Exercise description: Every line from the one containing "These cute little" through the end of the listing below must be given again exactly, and nothing else; exclude pictures.

Data shown:
Content starts
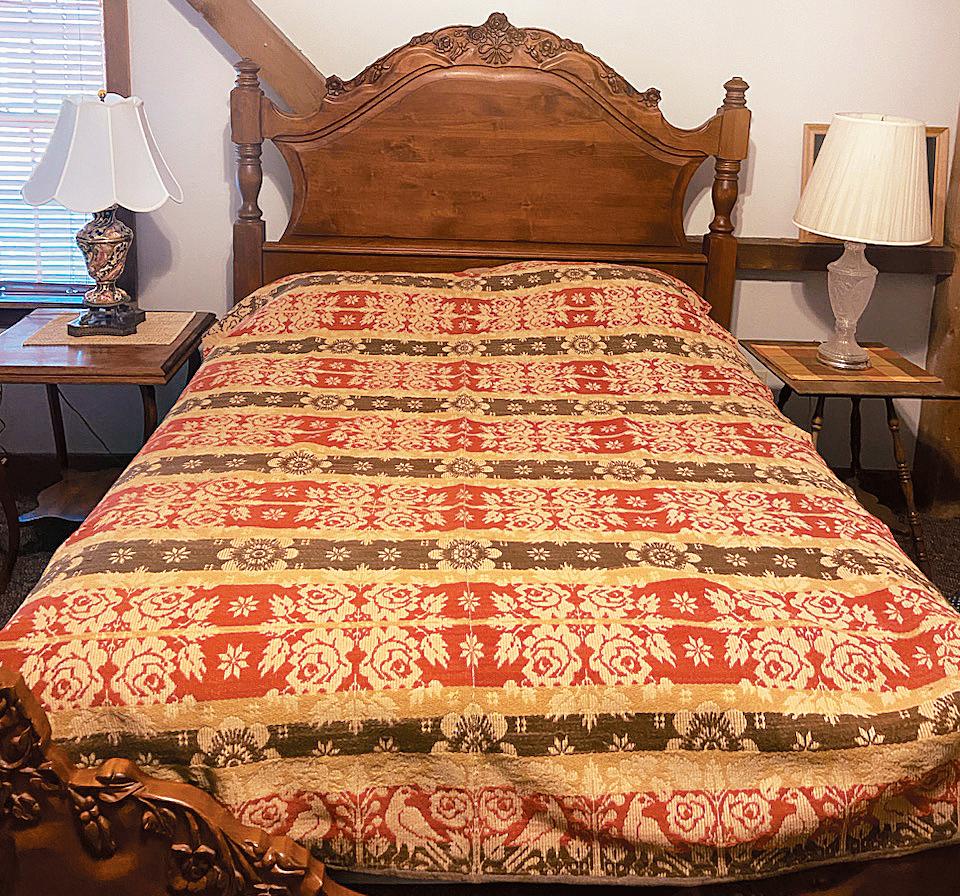 The Heritage Center features exhibits and displays of the local area with a focus on native indigenous people who once inhabited the immediate area. It is located in a renovated 1832 stone grist mill that was constructed by Jacob Witmer. A recent acquisition to the displays is a coverlet made by Jacob Witmer, which is signed and dated 1838. The coverlet was woven on a home loom, which was common during the period. Another new item is a board with the date 1807 and carved name of W.M. Lewis. This board was found in the barn, and the signature has been identified as that of William M. Lewis, who married Jacob Witmer’s daughter, Catherine.
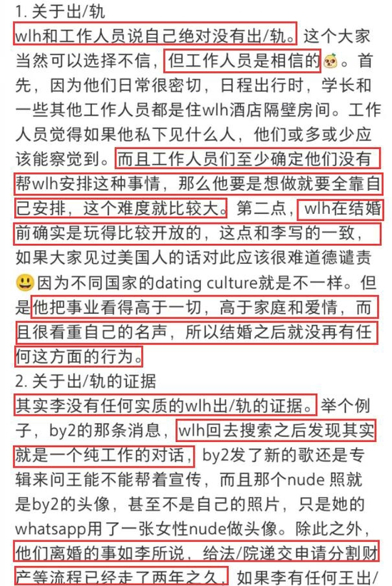 关于出轨的证据:工作人员指其实李靓蕾没有任何实质的王力宏出轨的证据。by2妹妹的那条消息,王力宏回去搜索之后发现其实就是一个纯工作的对话,by2发了新的歌还是专辑来问王能不能帮着宣传,那个李靓蕾晒出的头像,甚至不是孙雨的照片,只是她的用了一张女性照做头像。
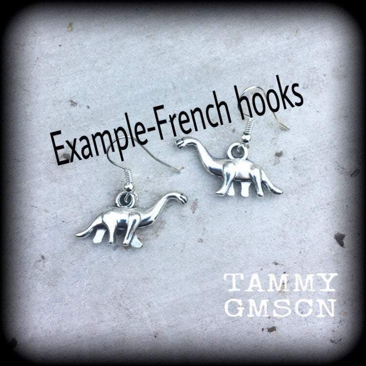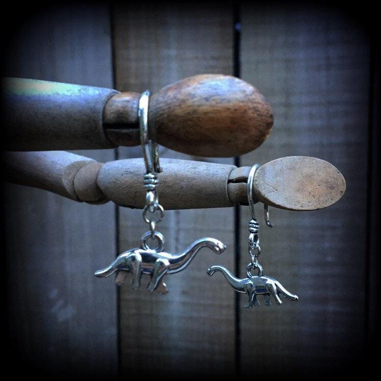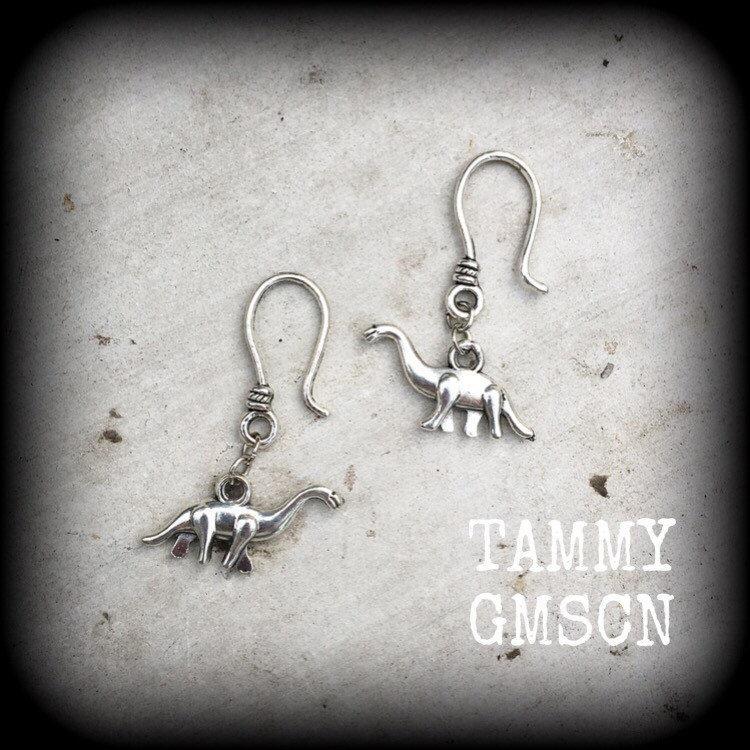 These cute little antique silver 'Diplodocus' earrings are light weight and nice and dangly, measuring just on 4cms, and made on small shephard hooks to be worn through stretched lobes with silicone earlest from 3mm/8 gauge.
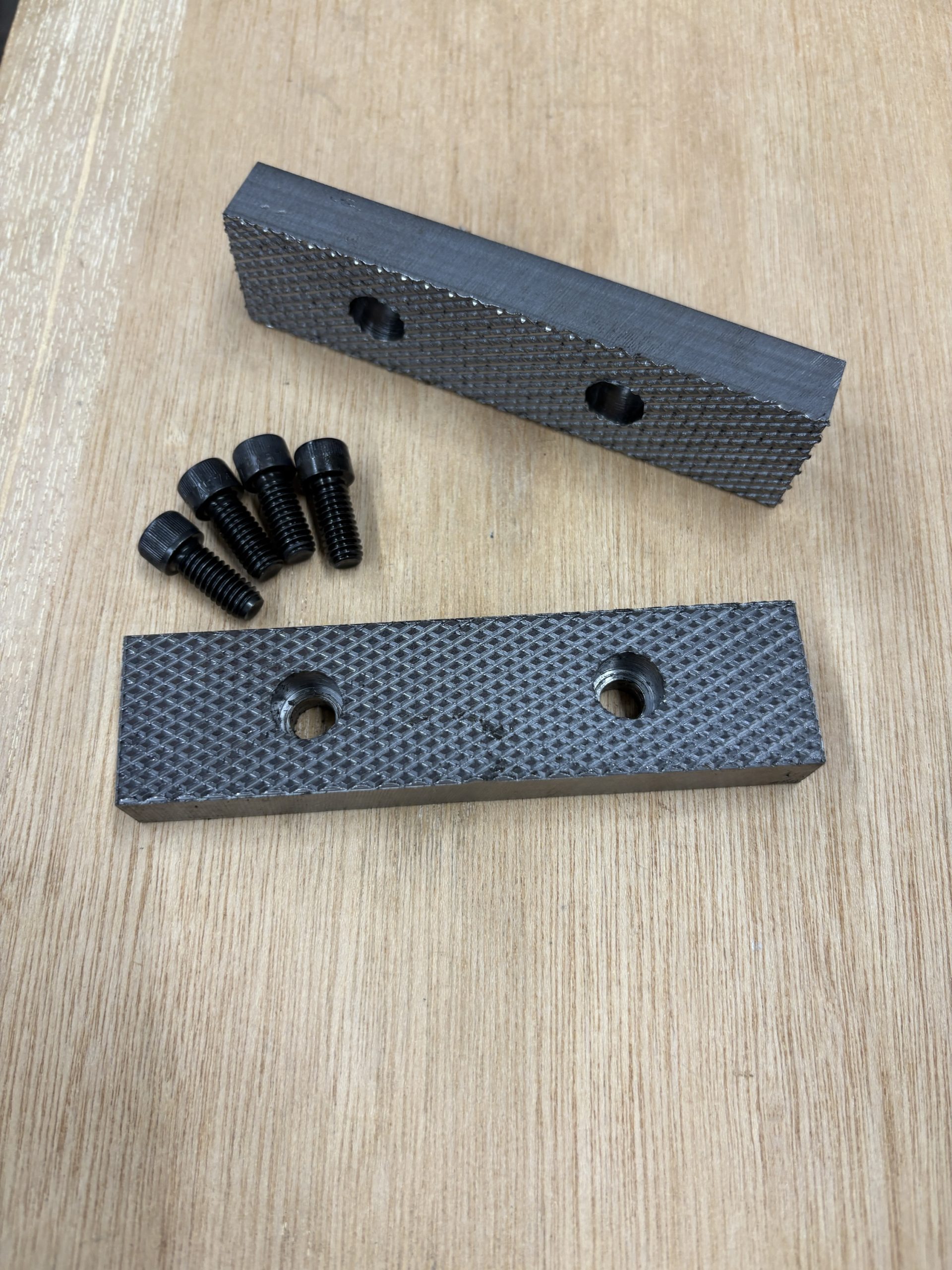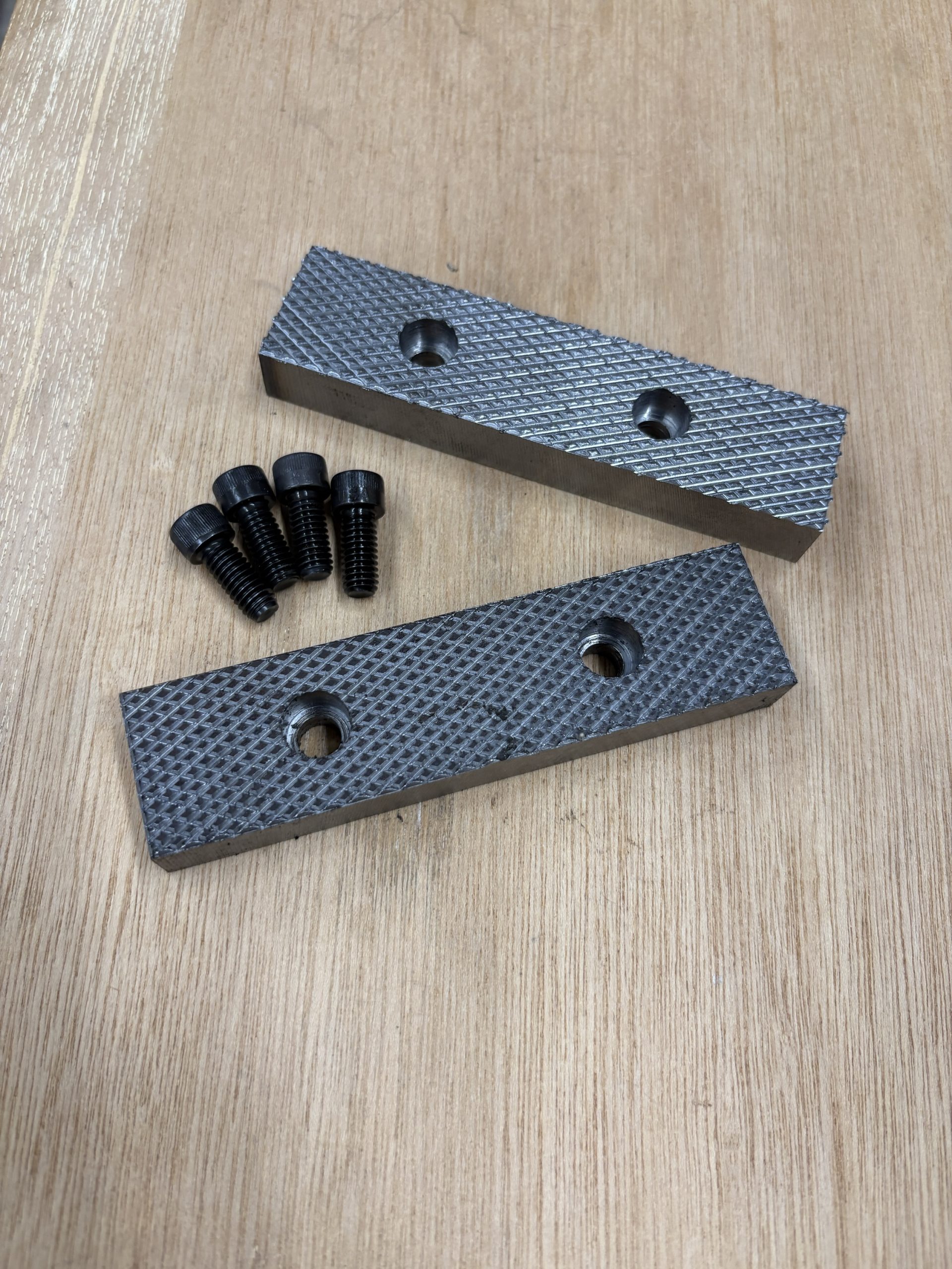 Wilton replacement jaw inserts, will fit #500 and C2 vises. These jaws are 5″ Long by 1-1/4″ tall. Four 5/16 screws included. These jaws will fit Wilton #500 and C2 manufactured after 1975 that have the larger anvil. These jaws are hardened to Rockwell 55 to ensure durability, and many years of use. (Be sure to double check you are looking for replacement jaw inserts with these dimensions, older Wiltons 9500 & C2 vises, pre 1975 era, require jaws with a lower profile than these.)
Content ends
Solved exercise:
 These cute little antique silver 'Diplodocus' earrings are light weight and nice and dangly, measuring just on 4cms, and made on small shephard hooks to be worn through stretched lobes with silicone earlest from 3mm/8 gauge.
 Wilton replacement jaw inserts, will fit #500 and C2 vises. These jaws are 5″ Long by 1-1/4″ tall. Four 5/16 screws included. These jaws will fit Wilton #500 and C2 manufactured after 1975 that have the larger anvil. These jaws are hardened to Rockwell 55 to ensure durability, and many years of use. (Be sure to double check you are looking for replacement jaw inserts with these dimensions, older Wiltons 9500 & C2 vises, pre 1975 era, require jaws with a lower profile than these.)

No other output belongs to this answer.